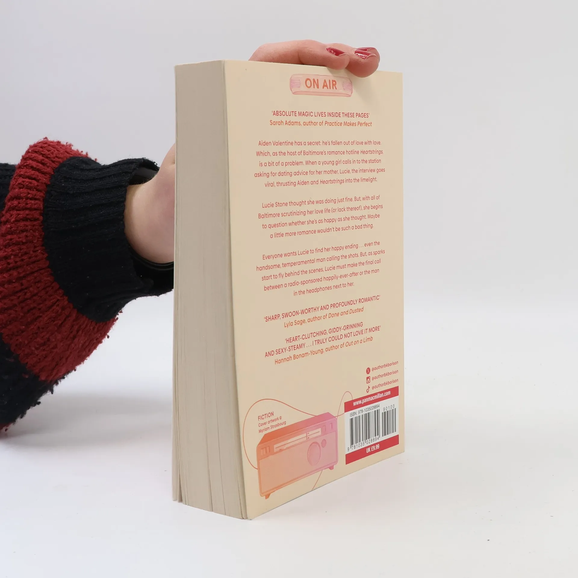 INSTANT NEW YORK TIMES BESTSELLER A hopeless romantic meets a jaded radio host in this cozy, Sleepless in Seattle–inspired love story from beloved author B.K. Borison. Aiden Valentine has a secret: he’s fallen out of love with love. And as the host of Baltimore’s romance hotline, that’s a bit of a problem. But when a young girl calls in to the station asking for dating advice for her mom, the interview goes viral, thrusting Aiden and Heartstrings into the limelight. Lucie Stone thought she was doing just fine. She has a good job; an incredible family; and a smart, slightly devious kid. But when all of Baltimore is suddenly scrutinizing her love life—or lack thereof—she begins to question if she’s as happy as she believed. Maybe a little more romance wouldn’t be such a bad thing. Everyone wants Lucie to find her happy ending…even the handsome, temperamental man calling the shots. But when sparks start to fly behind the scenes, Lucie must make the final decision between the radio-sponsored happily ever after or the man in the headphones next to her.
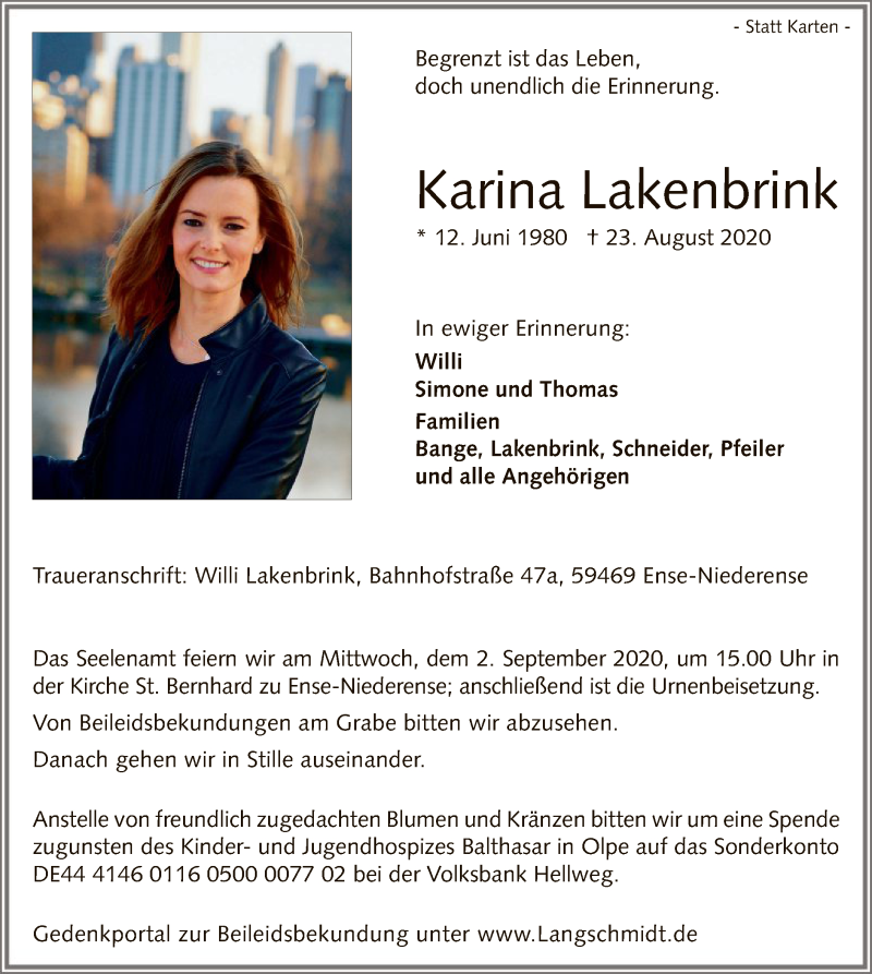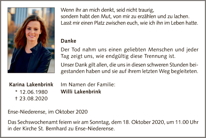 Hier finden Sie alle Traueranzeigen aus der Zeitung, die bisher für Karina Lakenbrink erschienen sind. Weitere Traueranzeigen, die in der Zeitung erscheinen, werden hier ebenfalls aufgelistet
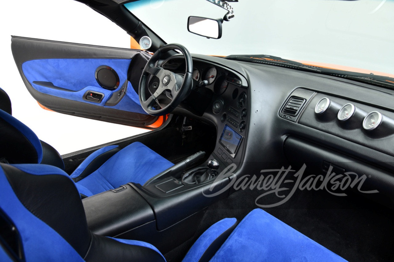 Bajo el capó, el Toyota Supra original de ‘The Fast & The Furious’ está equipado con un motor 2JZ-GTE biturbo totalmente de fábrica. La potencia se envía al tren trasero a través de un cambio automático de cuatro velocidades. También incluye la pintura Lamborghini Diablo con su decoración específica, llantas Dazz Motorsport Racing, capó TRD y un alerón de aluminio. El interior está completamente modificado, con medidores adicionales y tapicería en negro y azul.
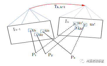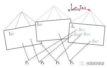 3)位姿结构优化。 如图所示,像素位置优化后,利用建立的对应关系对空间三维点和相机位置进行分别优化,构 建 像 素 重 投 影 误 差 的 优 化 函 数
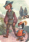 El gato se puso inmediatamente las botas, colgóse el saco al cuello, asiendo los cordones con sus patas de delante, y se fue a un soto donde había gran número de conejos.

+ + +

YOUR GOAL: Would you transcribe the listing above line by line, exactly, leaving every picture out?

EXERCISE ANSWER:
 INSTANT NEW YORK TIMES BESTSELLER A hopeless romantic meets a jaded radio host in this cozy, Sleepless in Seattle–inspired love story from beloved author B.K. Borison. Aiden Valentine has a secret: he’s fallen out of love with love. And as the host of Baltimore’s romance hotline, that’s a bit of a problem. But when a young girl calls in to the station asking for dating advice for her mom, the interview goes viral, thrusting Aiden and Heartstrings into the limelight. Lucie Stone thought she was doing just fine. She has a good job; an incredible family; and a smart, slightly devious kid. But when all of Baltimore is suddenly scrutinizing her love life—or lack thereof—she begins to question if she’s as happy as she believed. Maybe a little more romance wouldn’t be such a bad thing. Everyone wants Lucie to find her happy ending…even the handsome, temperamental man calling the shots. But when sparks start to fly behind the scenes, Lucie must make the final decision between the radio-sponsored happily ever after or the man in the headphones next to her.
 Hier finden Sie alle Traueranzeigen aus der Zeitung, die bisher für Karina Lakenbrink erschienen sind. Weitere Traueranzeigen, die in der Zeitung erscheinen, werden hier ebenfalls aufgelistet
 Bajo el capó, el Toyota Supra original de ‘The Fast & The Furious’ está equipado con un motor 2JZ-GTE biturbo totalmente de fábrica. La potencia se envía al tren trasero a través de un cambio automático de cuatro velocidades. También incluye la pintura Lamborghini Diablo con su decoración específica, llantas Dazz Motorsport Racing, capó TRD y un alerón de aluminio. El interior está completamente modificado, con medidores adicionales y tapicería en negro y azul.
 3)位姿结构优化。 如图所示,像素位置优化后,利用建立的对应关系对空间三维点和相机位置进行分别优化,构 建 像 素 重 投 影 误 差 的 优 化 函 数
 El gato se puso inmediatamente las botas, colgóse el saco al cuello, asiendo los cordones con sus patas de delante, y se fue a un soto donde había gran número de conejos.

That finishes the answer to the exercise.